Xavier de Maistre was a French aristocrat who, after the French Revolution, fled to Turin to join a counter-revolutionary army. Whilst in Turin in spring 1790 de Maistre fought an illegal duel for which he was sentenced to 42 days house arrest. The terms of his confinement required him to stay within his room. To alleviate his boredom he began work on the book that would become A Journey Around My Room. De Maistre thought it little more than a means of filling time but his brother, the philosopher Joseph de Maistre, read the work and insisted that it reach a wider audience and it was published in 1794.

==Content==
The book is written in the style of an 18th-century travelogue but within the confines of de Maistre's room, which he describes as a "parallelogram of thirty-six steps around". It is divided into 42 chapters, one for each day of his confinement, and records the distance travelled each day. Alain de Botton, writing in the Financial Times in 2020, describes it as "a charming shaggy-dog story".

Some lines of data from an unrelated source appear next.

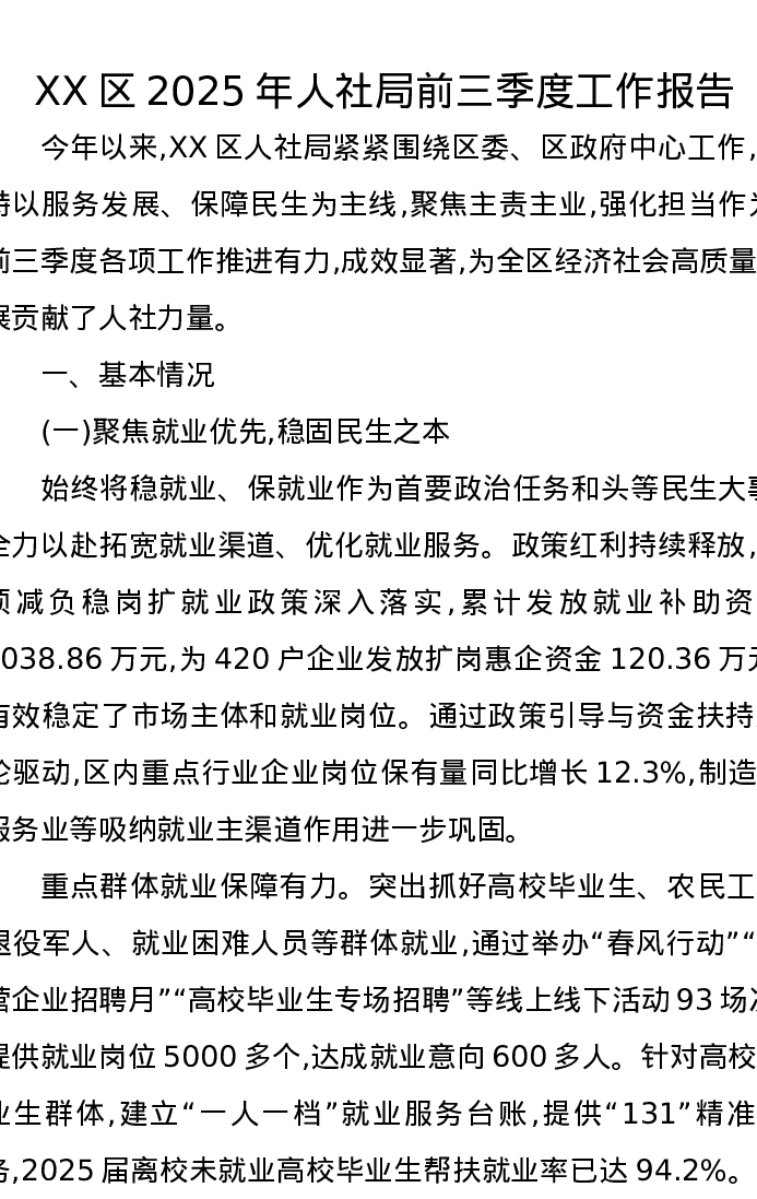 XX区2025年人社局前三季度工作报告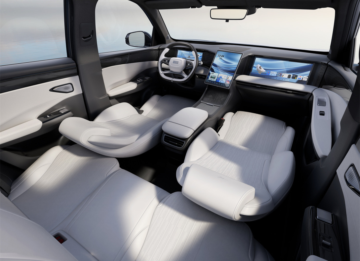 由于屏幕占用了位置,所以副驾配备了同级唯一的顶置安全气囊。副驾座椅提供了腿托,以及加热、通风、按摩、理疗等功能,影院模式下,座椅会自动后移放并倒至35°。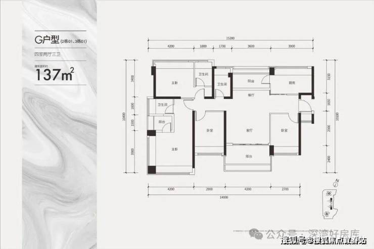 建面约137㎡双套间户型(四房三卫)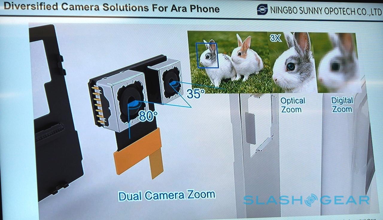 That's what Ningbo Sunny Opotech is looking at, a range of swappable cameras that – similar to how a DSLR can be outfitted with task-specific lenses – would each give an Ara phone a different optical ability.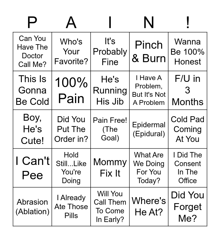 This bingo card has a free space and 24 words: Hold Still...Like You're Doing, I Already Ate Those Pills, He's Running His Jib, Abrasion (Ablation), Wanna Be 100% Honest, Can You Have The Doctor Call Me?, This Is Gonna Be Cold, Who's Your Favorite?, Epidermal (Epidural), Mommy Fix It, I Have A Problem, But It's Not A Problem, Boy, He's Cute!, What Are We Doing For You Today?, I Did The Consent In The Office, 100% Pain, Where's He At?, Cold Pad Coming At You, It's Probably Fine, F/U in 3 Months, Did You Put The Order in?, Did You Forget Me?, I Can't Pee, Pinch & Burn and Will You Call Them To Come In Early?.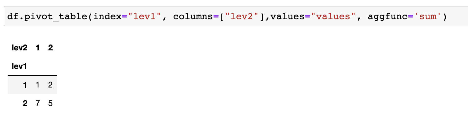 해결 방법은 pivot_table() 함수를 사용하는 것입니다. 이때, aggfunc를 넣어줍니다.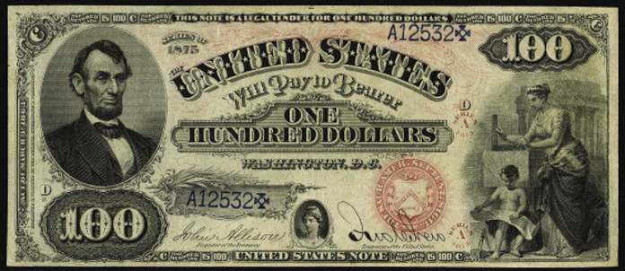 One Hundred Dollar Notes › Legal Tenders › 1875 One Hundred Dollar Legal Tender Or United States Notes

De Maistre begins by describing himself changing into a pink-and-blue pajamas. He describes a trip to the sofa, noting the elegance of its feet and recounting the hours he has spent sat upon it. De Maistre then describes his bed and his gratitude for the many nights sleep he has had there. He remarks upon his pride in the bedsheets that are a close match for his pajamas and advises every man who can to get himself pink-and-white bed linen, claiming the colours induce calm and help sleep. He also discusses his armchair, curtains, desk, travelling coat, his dog and some elm trees he can see from his window. The book's great moment of calamity comes when de Maistre falls over his chair and requires the assistance of a servant to return to his feet. At one point de Maistre references the Anglo-Irish writer Laurence Sterne, whom he admired.

Nicholas Lezard, writing in The Guardian in 2013, perceives the impact of the revolutionary violence upon the work. He notes that in one passage de Maistre describes "a white bear, a philosopher, a tiger or some other animal of that sort" entering the orchestra during a concert and urging the audience to bloodshed: "Let women, too, dip their timid hands in blood! Leave! You are free! Tear down your king from his throne, and your God from his sanctuary! ... Weren't they dancing in Paris five years ago?". At another point de Maistre muses upon a pastoral landscape painting on his wall. Foreseeing the arrival of soldiers upon the scene he urges the shepherdess in the painting to flee. He also writes imaginary dialogues with classical figures and muses on his absent love, Jenny.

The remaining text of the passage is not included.